> **EXERCISE OBJECTIVE**: Word for word, repeat the data that follows. Do not include the pictures.

> **STORED DATA**:
[Start of section]

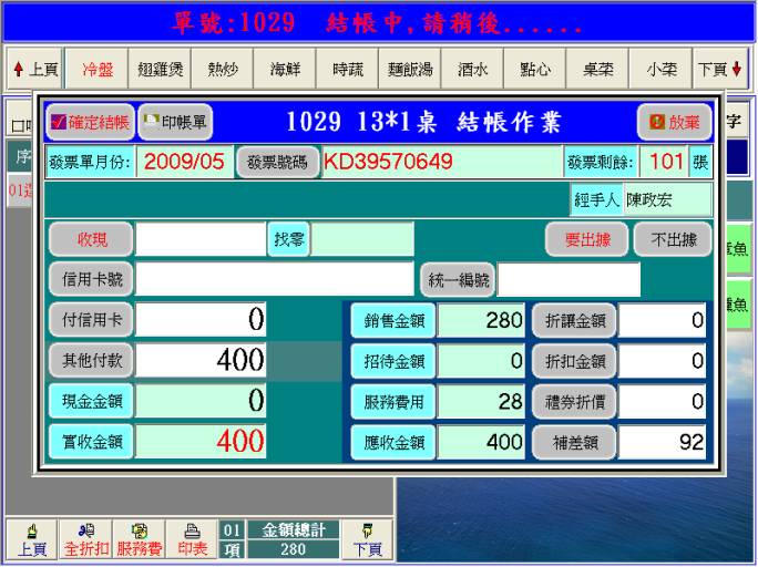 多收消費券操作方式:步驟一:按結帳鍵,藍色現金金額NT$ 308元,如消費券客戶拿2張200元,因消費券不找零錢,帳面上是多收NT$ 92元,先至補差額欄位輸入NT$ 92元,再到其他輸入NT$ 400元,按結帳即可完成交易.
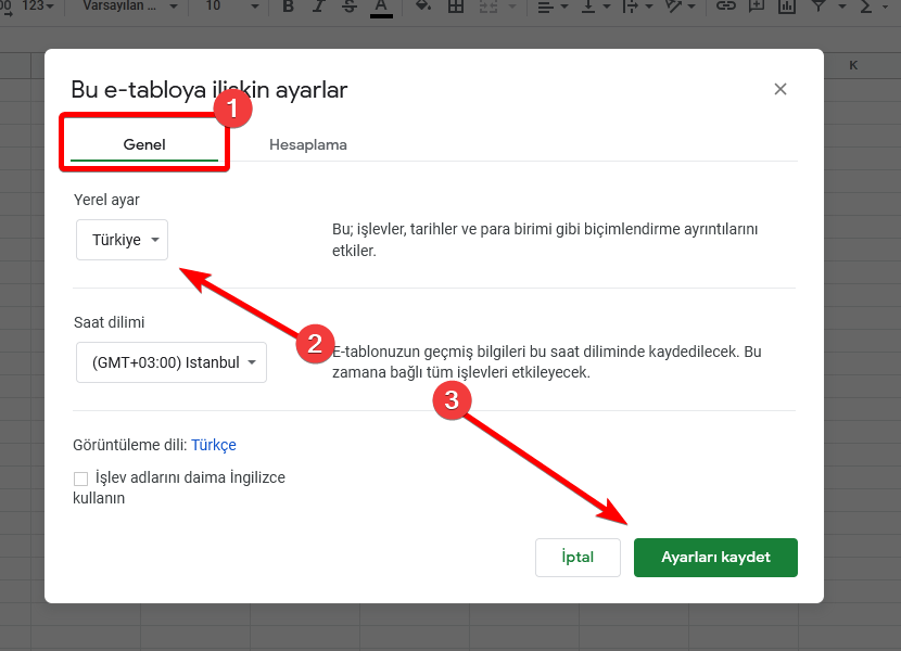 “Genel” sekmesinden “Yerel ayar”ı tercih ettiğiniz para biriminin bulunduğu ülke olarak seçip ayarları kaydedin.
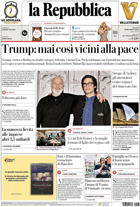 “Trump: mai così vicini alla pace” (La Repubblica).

[End of section]

> **SOLUTION**:
 多收消費券操作方式:步驟一:按結帳鍵,藍色現金金額NT$ 308元,如消費券客戶拿2張200元,因消費券不找零錢,帳面上是多收NT$ 92元,先至補差額欄位輸入NT$ 92元,再到其他輸入NT$ 400元,按結帳即可完成交易.
 “Genel” sekmesinden “Yerel ayar”ı tercih ettiğiniz para biriminin bulunduğu ülke olarak seçip ayarları kaydedin.
 “Trump: mai così vicini alla pace” (La Repubblica).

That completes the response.